The lawyer was just found innocent of the crime? Oh, I see, they meant the client was found innocent -- but then shouldn't that be was guilty? In technical terms, I think they have an ambiguous pronoun reference -- does "he" refer to the lawyer or the client? And then they have mixed tenses -- the beginning is present tense, discovers and is guilty. But the trailing "for which..." seems to be past tense.

I think what they mean is something like "a lawyer discovers that his client committed the horrible crime that the judge ruled that the client was innocent of." Even if it does end with a proposition. Or maybe "After the client is ruled innocent of a horrible crime, a lawyer discovers that he was actually guilty."

Aha, part of the problem is that "for which..." is a dangling modifier -- we don't really want to comment on the crime. We want to comment on the innocence of the client.
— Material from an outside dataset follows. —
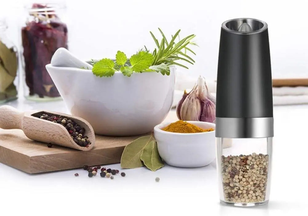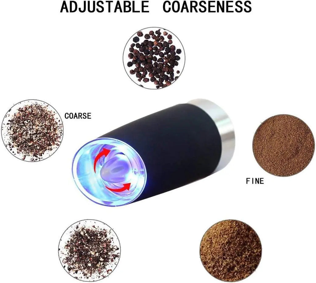 Adjust the top black adjuster to grind your pepper corns or sea salt with fine to coarse

Definitely -- After his client is ruled innocent of a horrible crime, a lawyer discovers that the client was actually guilty.

And I did that before my morning tea! Don't you love English? All those little phrases writhing around trying to connect, and sometimes they just manage to grab the wrong reference. Fun!

Oh -- and you could write about the situation, too, I suppose. Although fretting about the grammar seems like a great distraction.